My aim is to run a Bayesian linear regression in order to derive the evidence in favour of the null hypothesis. That is, my interest is to substantiate that the null finding observed in the frequentist approach to the linear regression (i.e. I observe a null finding using classical p-value based inference) is indeed a true null finding or whether it is one that has a small effect size and cannot be detected.

Method: Given that the regression's predictors include categorial variables, I seem unable to use the 'JASP Bayesian regression' so I am forced to use the 'JASP Bayesian ANCOVA. My dependent variable is continuous variable, the covariate of interest is categorical (binary) variable and I've set this in the 'fixed group effects section', and then I have an additional 14 covariates which I add to the 'covariates' section. The n=1526. I have set the Bayes Factor to B01 and am comparing to the null model.

Problem: the analysis has been running for days (3) and still no result.
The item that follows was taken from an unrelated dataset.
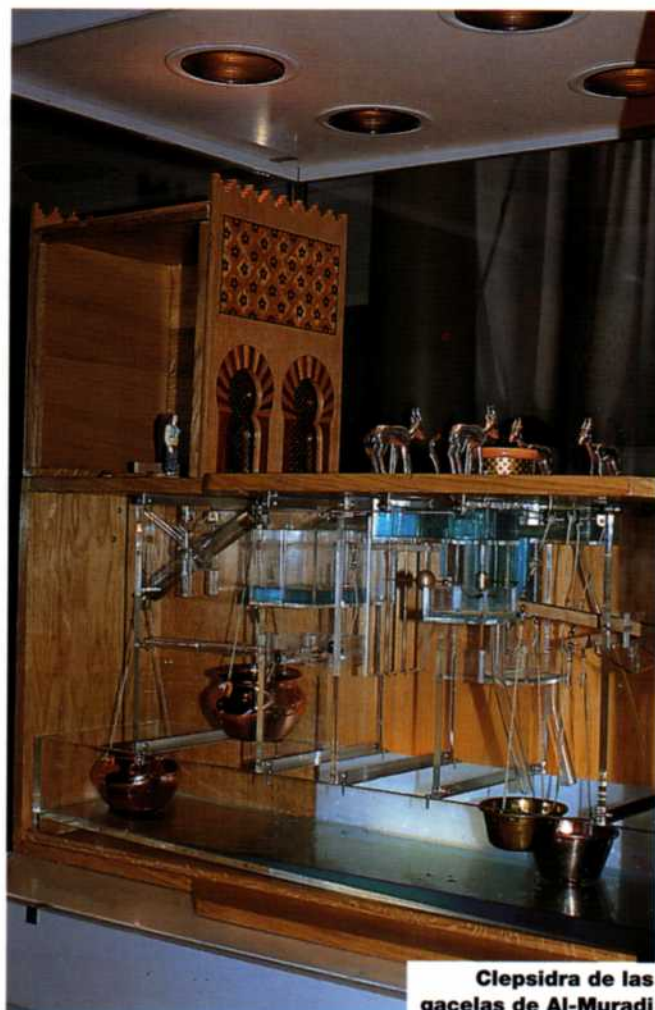
Clepsidra de las gacelas de Al-Muradi

En el reloj de mercurio se emplearon materiales y acabados fieles a la época, latón y madera, excepto en la cámara de mercurio que fue realizada en material transparente con fines didácticos.

Is this normal?

Thank you,

Francesca

• Three days!! That is not normal. Then again, 14 covariates is a lot. I'll pass this on to the team.

E.J.

• Hi Francesca,

Unfortunately this behavior is no bug, but simply a consequence of having a model with 14 covariates. With this many variables, there are 2^15 = 32768 possible models to consider.

When using the BayesFactor package in R to enumerate all possible models (so not even to fit them), this already takes 20 minutes for me in the case of 10 covariates, and this time grows exponentially for each added covariate.
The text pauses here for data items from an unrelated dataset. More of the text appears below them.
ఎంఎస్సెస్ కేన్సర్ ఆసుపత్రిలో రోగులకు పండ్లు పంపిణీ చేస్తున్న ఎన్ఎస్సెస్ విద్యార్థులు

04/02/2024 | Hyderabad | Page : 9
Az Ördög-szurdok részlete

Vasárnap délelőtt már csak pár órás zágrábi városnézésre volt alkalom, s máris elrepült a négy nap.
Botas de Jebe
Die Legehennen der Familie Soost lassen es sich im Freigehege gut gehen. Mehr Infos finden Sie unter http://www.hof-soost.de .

We should really look into some disclaimers that pop up when trying to use a lot of covariates (also I would not have expected this issue to arise for "only" 14 covariates). I am not sure what the best way forward is in your case, since I have no idea how long this could still take (could be just a day, or 2 months...). Alternatively, you could look into running subsets of your possible models, by running the analysis with 7 or 8 covariates at a time (as well as assessing colinearity between all 14 covariates and te DV in the correlation module). Please let me know if you have any further questions or need some more help with this!

Kind regards

Johnny

• edited November 2020

Hi Francesca,

By default JASP enumerates all possible models. In your case with 15 predictors there are 2^15 = 32768 models. That simply takes a very long time. We will look at ways we can improve the speed and feedback (e.g., in your scenario we should probably give an indication of how long an analysis might take). If all your categorical variables are binary you could consider dummy coding these (0, 1) and use linear regression instead. Alternatively, we can show you how to run the analysis in R which should be faster depending on how many levels your categorical covariates have.
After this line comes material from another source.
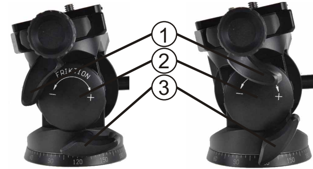
blockierte Stellung engaged position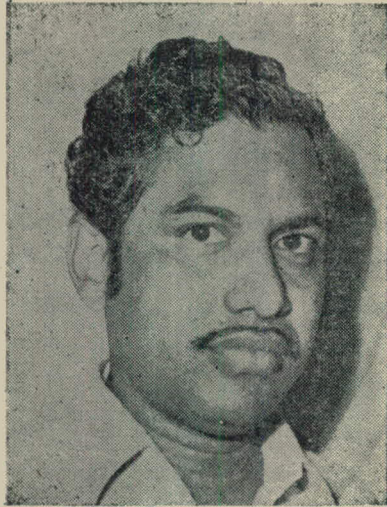
கவிஞர், நா. காமராசன்

I hope this helps. If you have any questions, please let me know!

Don

• Dears EJ, Johnn and vandenman,

Thank you all very much for your replies. I left JASP running for 10 days or so and it eventually crashed (black boxes appeared on the results page). To clarify, my machine is not the fastest out there, but it can do an okay job with moderately heavy analyses (e.g. neuroimaging via matlab, etc) - so I am not sure what's going on.

@JohnnyB - yes, I think it would be very useful to get an estimate of the running time, and/or some display of the iterations it's going through.

@vandenman unfortunately, 1 of the categorical variables is not binary, but I'll try your suggestion and run a bayesian linear regression and exclude this variable. Two questions: 1) Isn't a dummy variable categorical? Do you mean I should relabel the dummy variables as continous variables? 2) It would be extremely helpful to get some R code to attempt running the Bayes linear regression there - how do you think is best to proceed?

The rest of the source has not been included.